This is the year to conquer polio Rotary’s Purple Pinkie race goes virtual
Even a pandemic can’t stop Rotary District 7430 from Montgomery, Bucks, Berks, Lehigh and Northampton counties from pulling together in the worldwide effort to finally eradicate polio from the world.
With the number of worldwide polio cases down to fewer than 200, and those confined to only Pakistan and Afghanistan, the goal is tantalizingly within reach.
In 1985, when Rotary International first began the project of focusing attention on polio, there were about 3.5 million cases of polio worldwide.

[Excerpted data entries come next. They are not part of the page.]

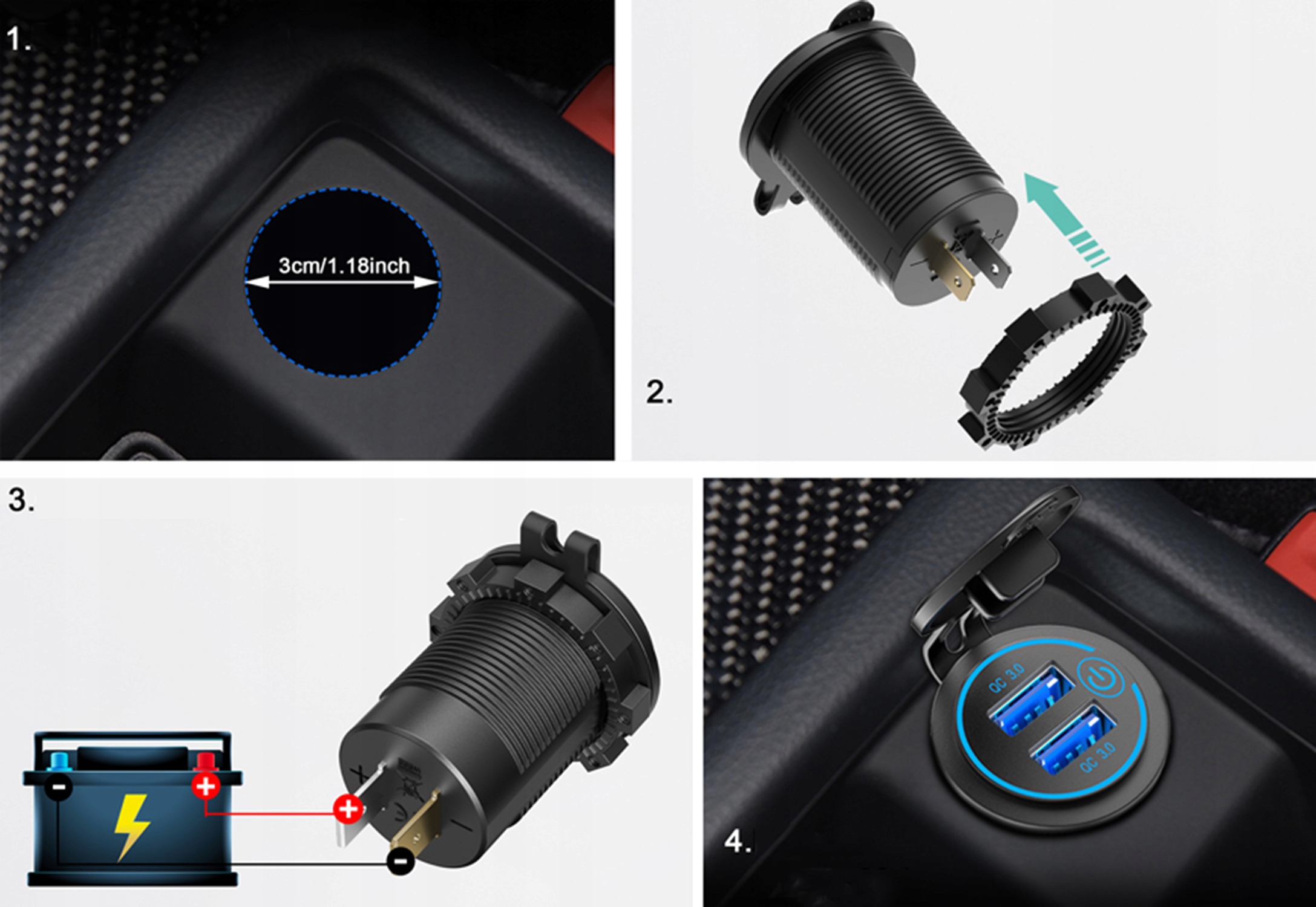 ⚡ 【Легка установка】 12 В USB -розетка легко встановити. Просто підключіть "+" до позитивного полюса, і "-" до негативного полюса.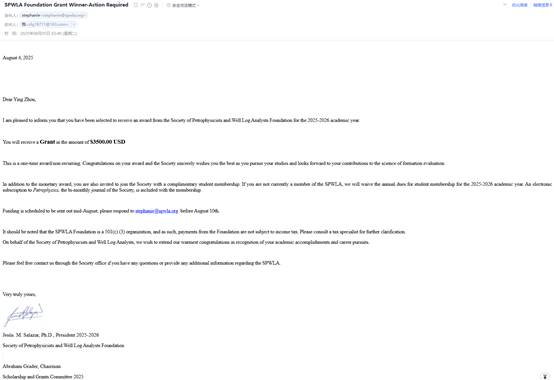 (通讯员 万宇)近日,经国际岩石物理学家和测井分析家学会(Society of Petrophysicists and Well Log Analysts, SPWLA)评定,我院测井信息工程系聂昕教授领衔的非常规储层测井评价与动态监测技术团队的2024级博士研究生周迎获2025-2026学年科研资助3500美元。
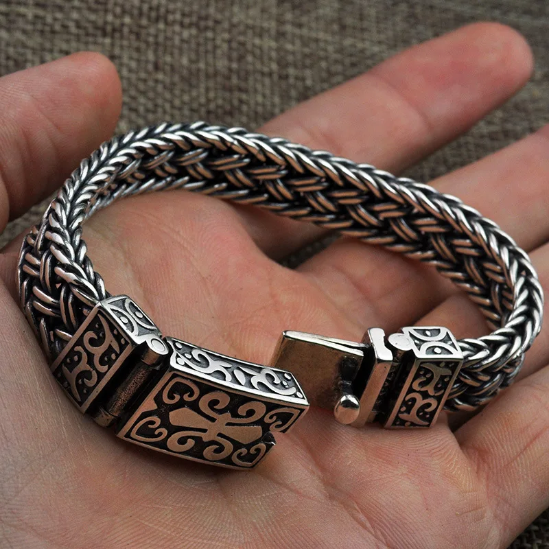Special Offer Real 925 Sterling Silver Bracelet Men s and Women s Wide 11mm Retro Punk Rock Wire Chain Chain and Bracelet Thai Silver Jewelry Discount 30% Today!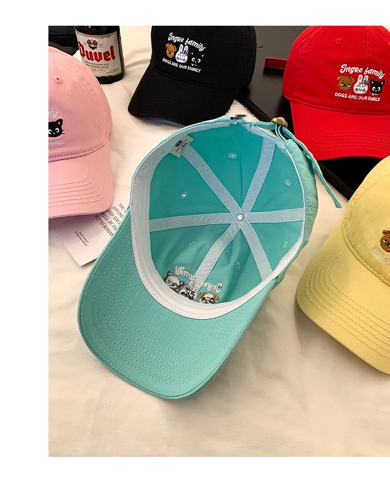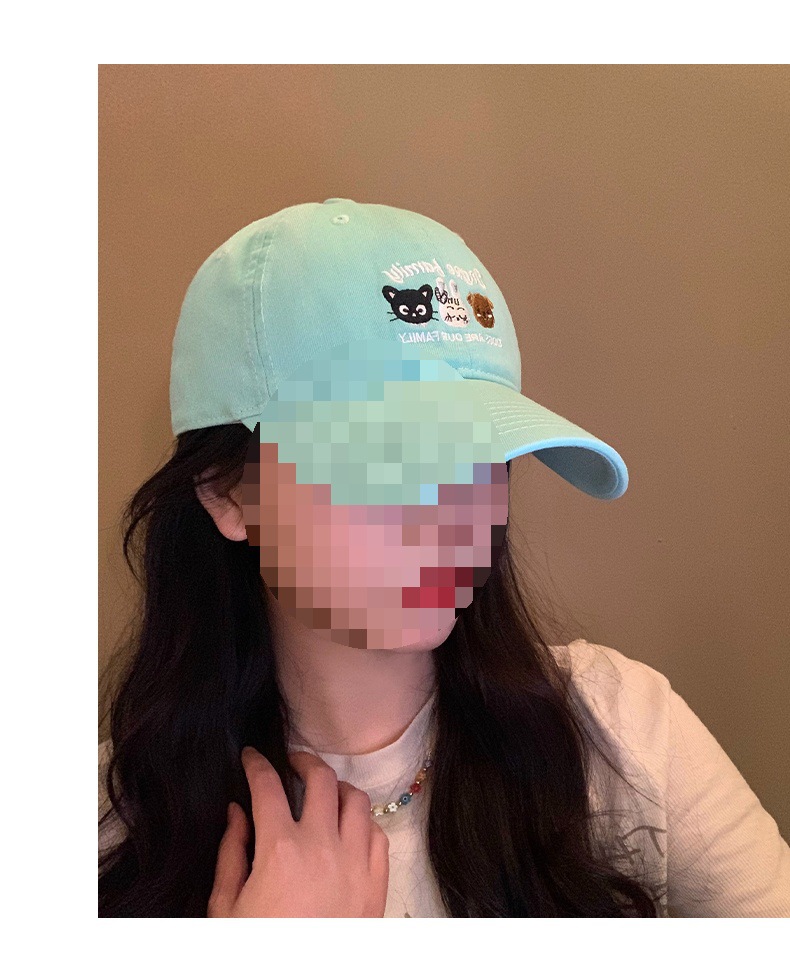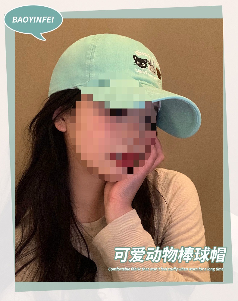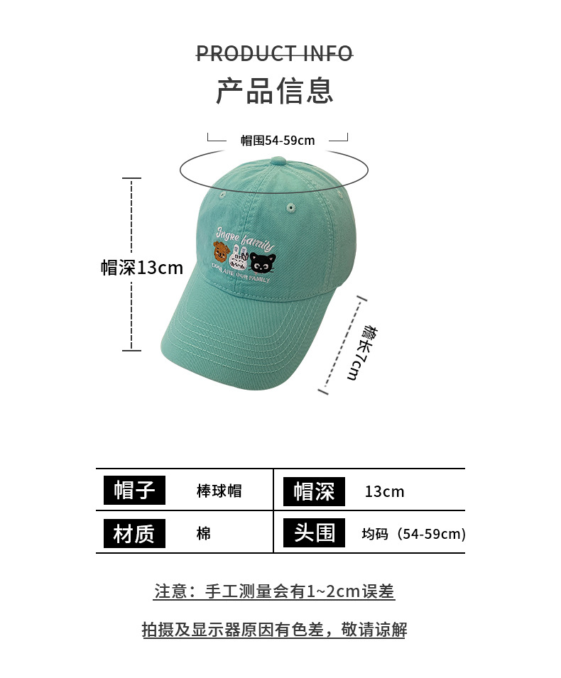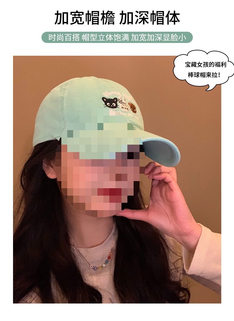女性用グリーン刺繍野球帽、韓国風、多用途、大きな頭囲、顔が見える、小さなひさし付きキャップ、つばの広い帽子、大きな顔、深いトップハット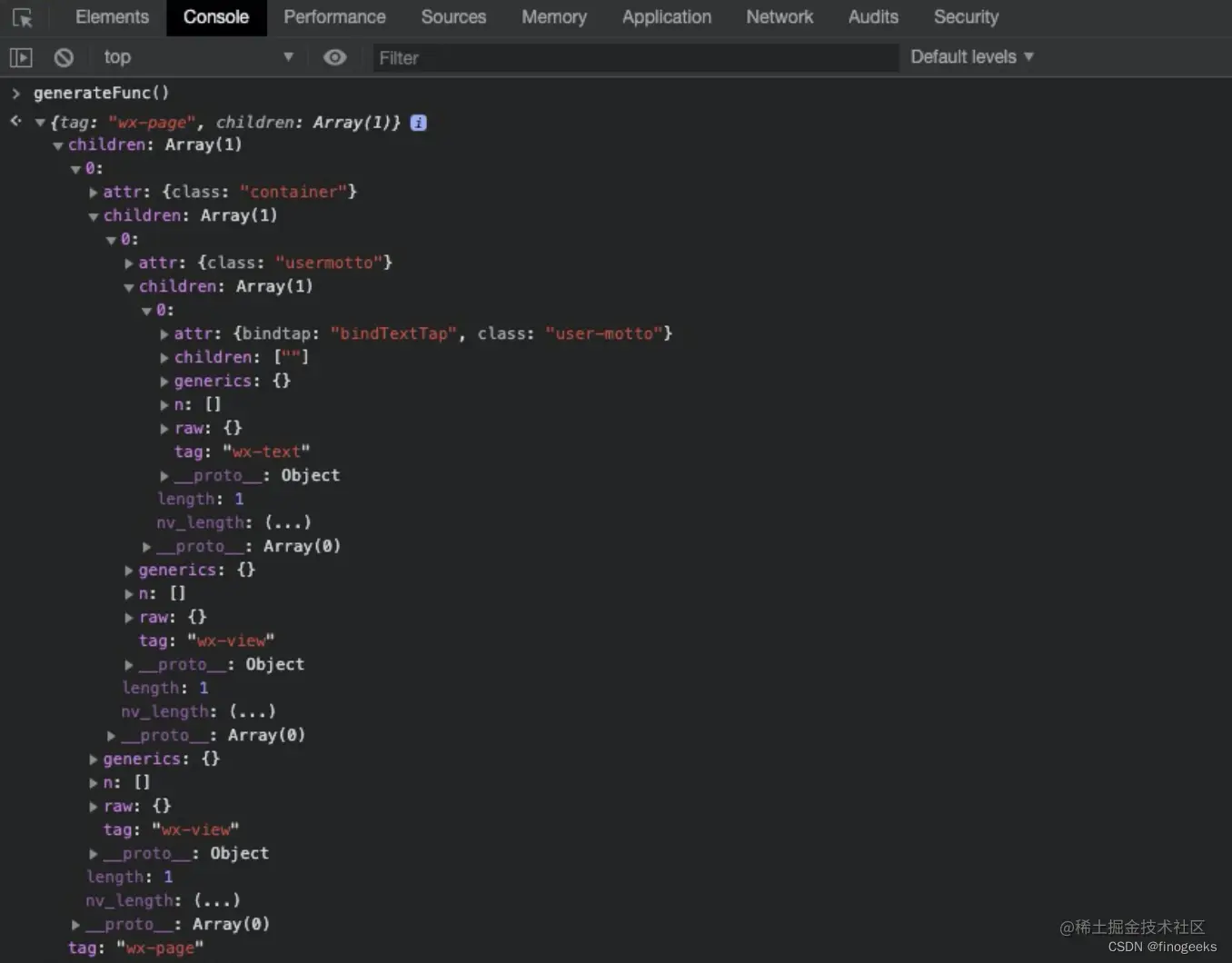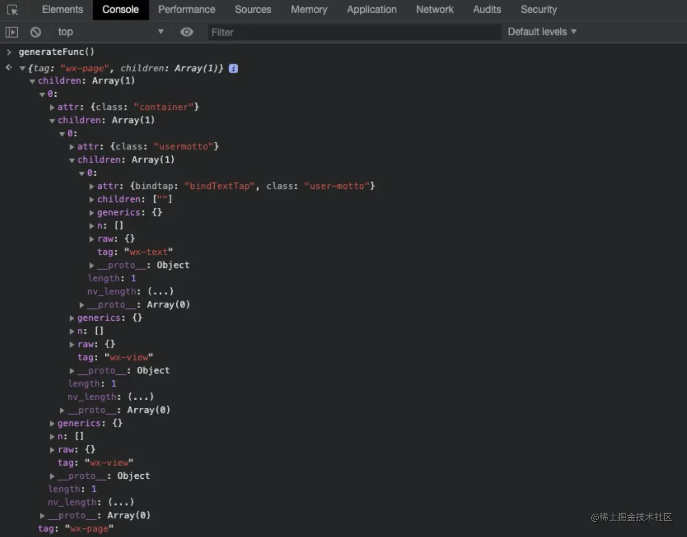 可以看到上面找到声明事件标记的层级中,attr 属性内部有 bindtap: bindTextTap 键值对。那么这个 DOM 结构是怎么进行事件解析的呢?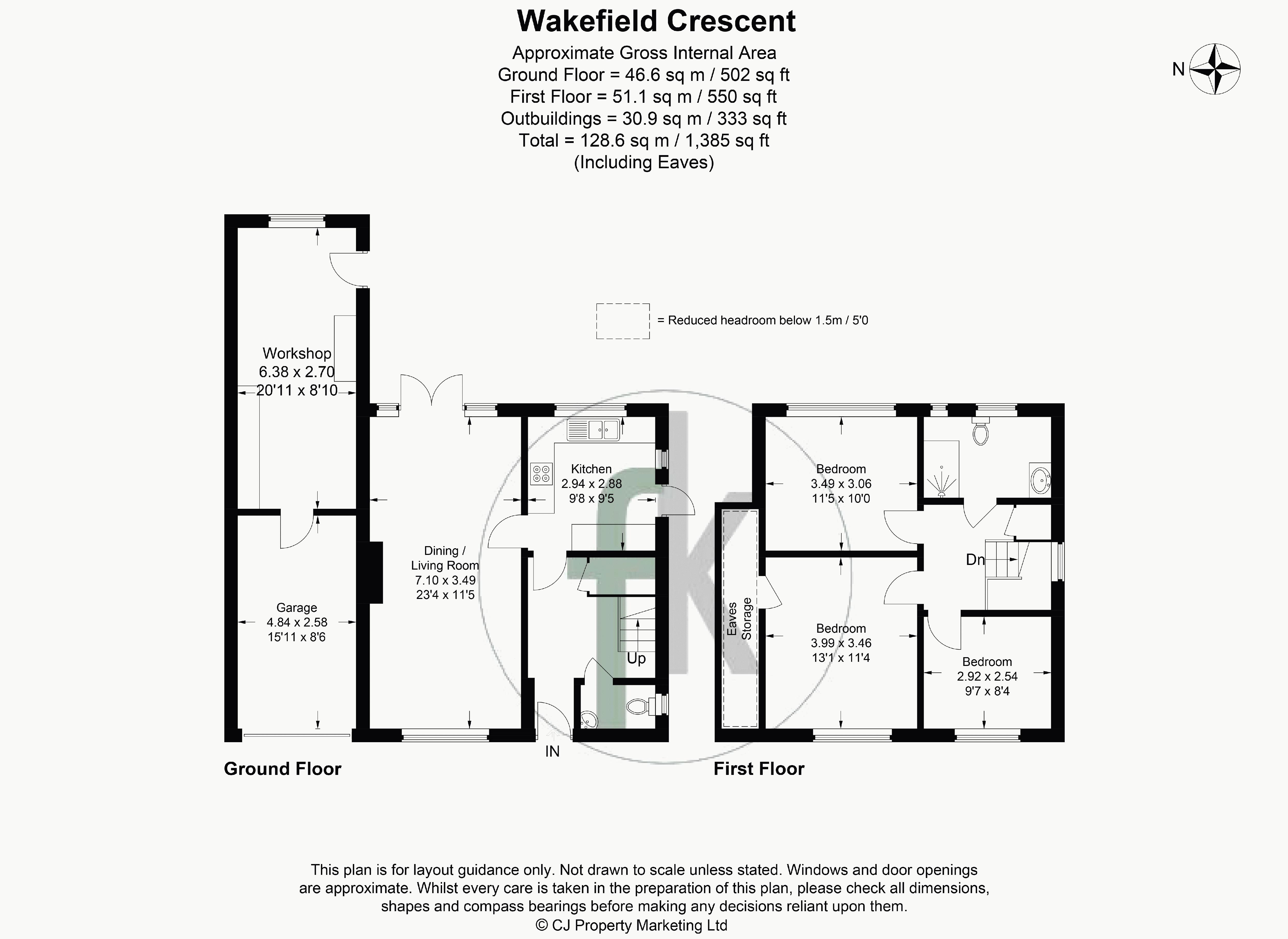 Bedroom One (front facing) with door leading to large eaves storage area, Bedroom Two (rear facing), Bedroom Three (front facing).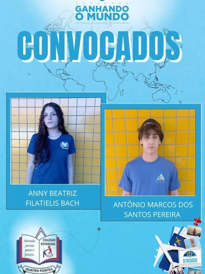 O Colégio Estadual Quatro Pontes tem orgulho em anunciar que seus alunos Antônio Marcos e Anny Beatriz foram selecionados para o programa Ganhando o Mundo, uma iniciativa de intercâmbio internacional promovida pelo Governo do Paraná.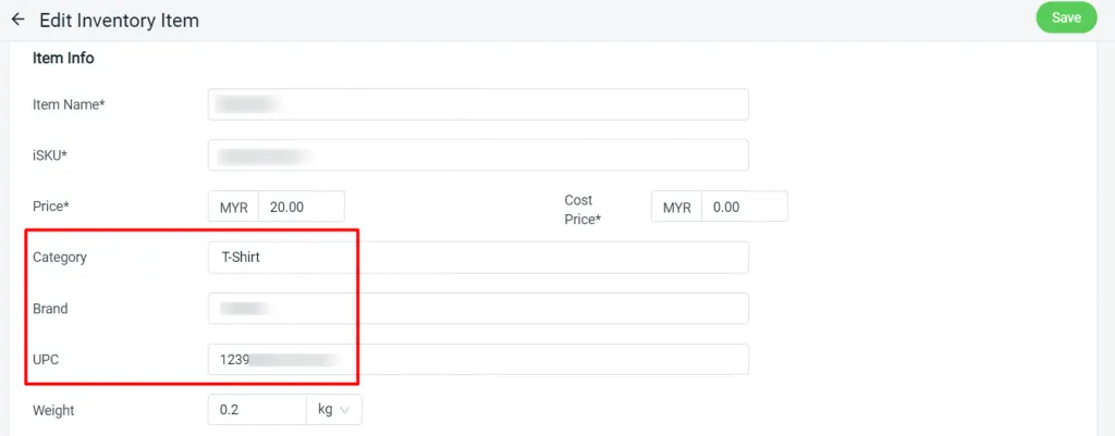 The category, brand and UPC (product barcode number) can now be inserted for your inventory details.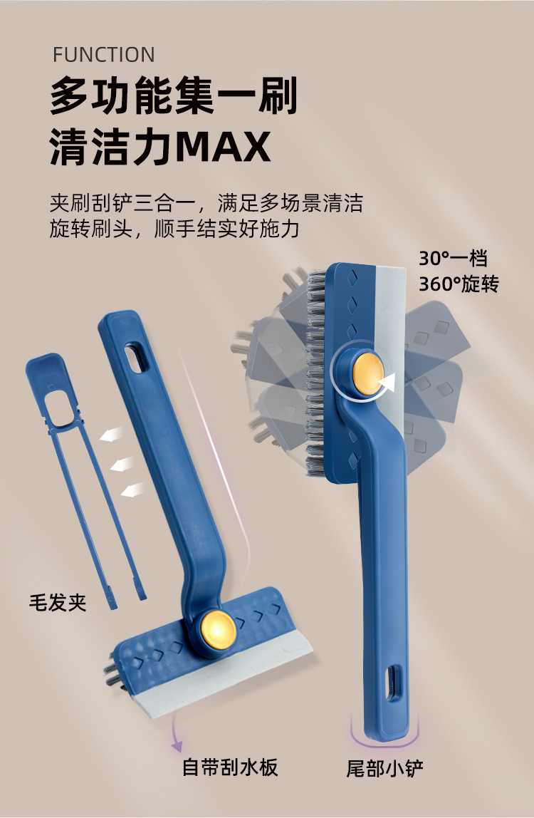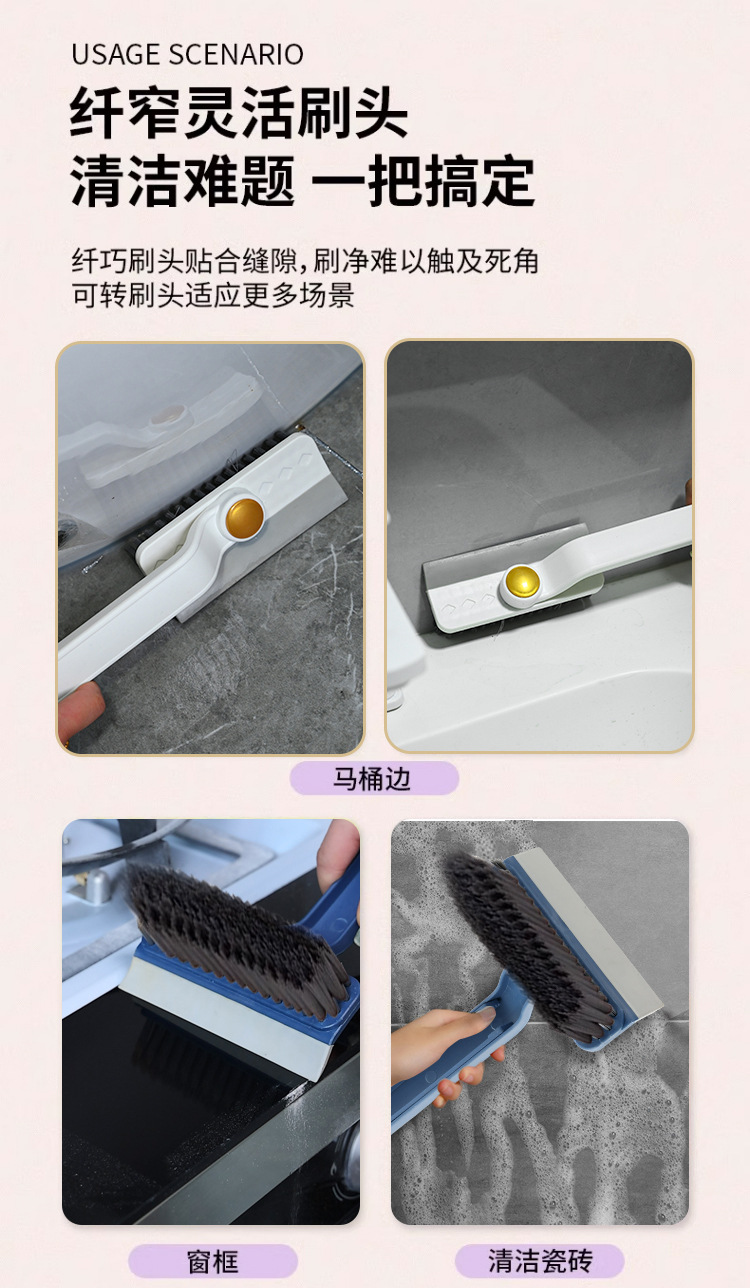 【刷 刮 夹 铲一体!360°多功能清洁刷】硬毛家用浴室瓷砖无死角二合一缝隙清洁刷地缝刷墙刷。ry

Since then, thanks to the partnerships Rotary formed along the way, and to the work of so many people involved, polio started disappearing from many countries as vaccines were distributed and administered to children worldwide.
As of this past summer, Africa was declared polio free, leaving only Pakistan and Afghanistan left to conquer.
Oct. 24 is World Polio Day.
In the Lehigh Valley, activities are centered on the 10th annual Yvette Palmer Purple Pinkie 5K Run/Walk/Wheel Race to Zero.
While this event has traditionally been an outdoor fundraiser, this year, due to the coronavirus pandemic, the race will be virtual.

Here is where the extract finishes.